Классы также включаются в онтологию, так как, подсчитывая вещи, мы измеряем классы. Если статистическое обобщение, относящееся к некоторой популяции, содержит квантификацию по числам людей, оно должно также включать в себя квантификацию по классам, членами которых являются люди. Квантификация по классам присутствует и в других столь же неприметных случаях, о чем свидетельствует известное определение Фреге понятия “предок” с помощью понятия “родители”: предками некоторого человека являются члены каждого класса, содержащего этого человека и родителей своих членов.

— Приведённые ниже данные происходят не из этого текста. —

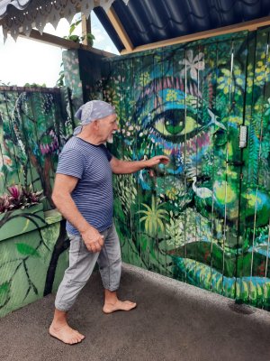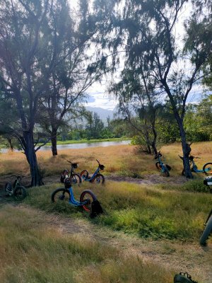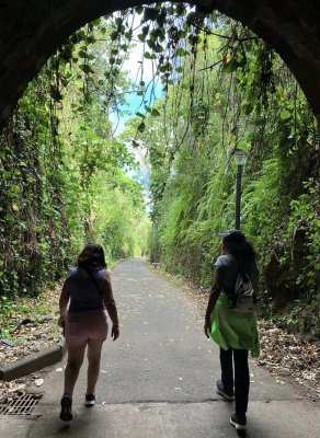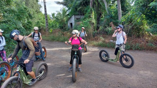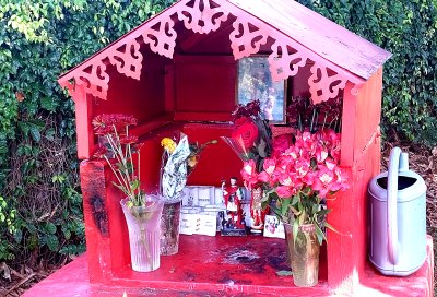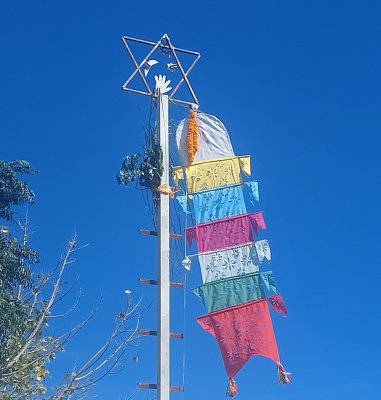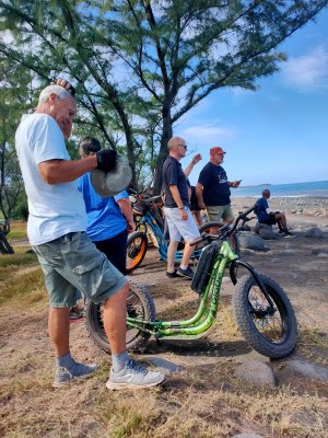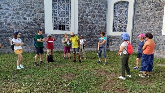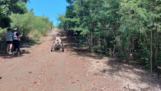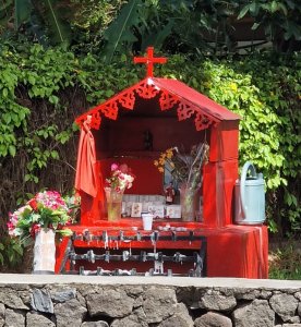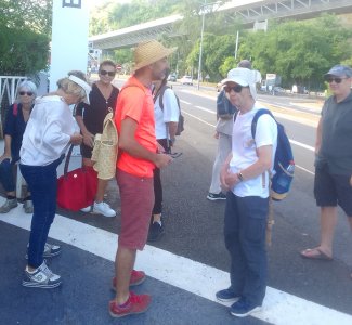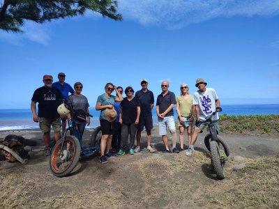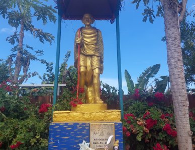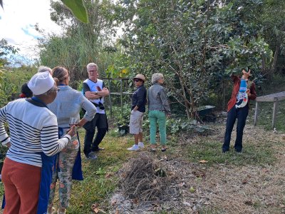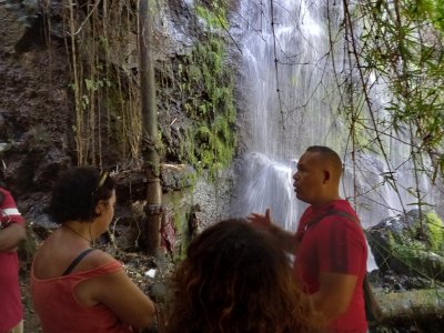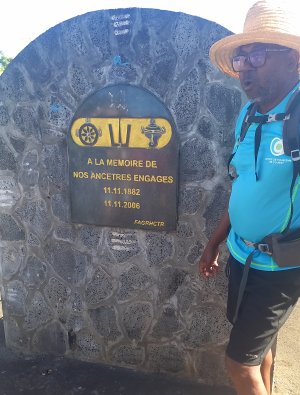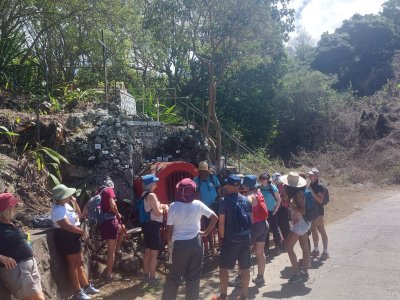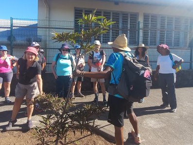 | Le samedi 15 décembre, 10 atscafiens ont retrouvé Clovis le guide de l'office du tourisme de l'Ouest pour une promenade commentée dans les hauts de l'Ouest : Rendez-vous à 7H00 à l'association Kaz Maron à la Saline les Hauts, puis après un riz chauffé direction l'ancienne usine de Vue Belle (explications sur l'engagisme indien au XIX° siècle) . Puis retour pour rejoindre Villèle et moulin kader (moulin à carder le choca) . En chemin quelques explications sur le drapeau d'un temple "malbar" : Nargoulan ou Nagourmira, est une divinité présente dans beaucoup de chapelles malbars, le Nargoulan est symbolisé par un mât du tamoul « marlon » au sommet duquel est fixée une main tendue vers le ciel. Nargoulan est souvent considéré comme une divinité d'origine musulmane ayant un statut d'hôte dans certaines chapelles malbars. ... Nous nous sommes aussi arrêté devant la chapelle la misère .... Repas vers 13h30 toujours à Kaz marron suivi de la visite du jardin partagé. Un très bon dimanche, ma foi ! | |

Иногда в естествознании мы явным образом интересуемся классами, а именно в таксономии. Мы читаем, например, что существует свыше четверти миллиона видов жуков. Здесь, очевидно, мы имеем дело с четвертьмиллионными классами и прежде всего и главным образом, — с классом всех таких классов. Однако, мы можем немного сэкономить. Вместо того чтобы в этом контексте говорить о видах, мы можем употреблять двуместный общий термин, применимый к жукам, — “несовпадающий по виду”. Утверждение о том, что существует свыше четверти миллиона видов жуков, эквивалентно утверждению о том, что существует класс, состоящий из свыше четверти миллиона жуков, ни одна пара из которых не совпадает по виду. Последнее утверждение передает нужную информацию и все еще требует материализации обширного класса, однако это класс жуков, а не класс классов жуков.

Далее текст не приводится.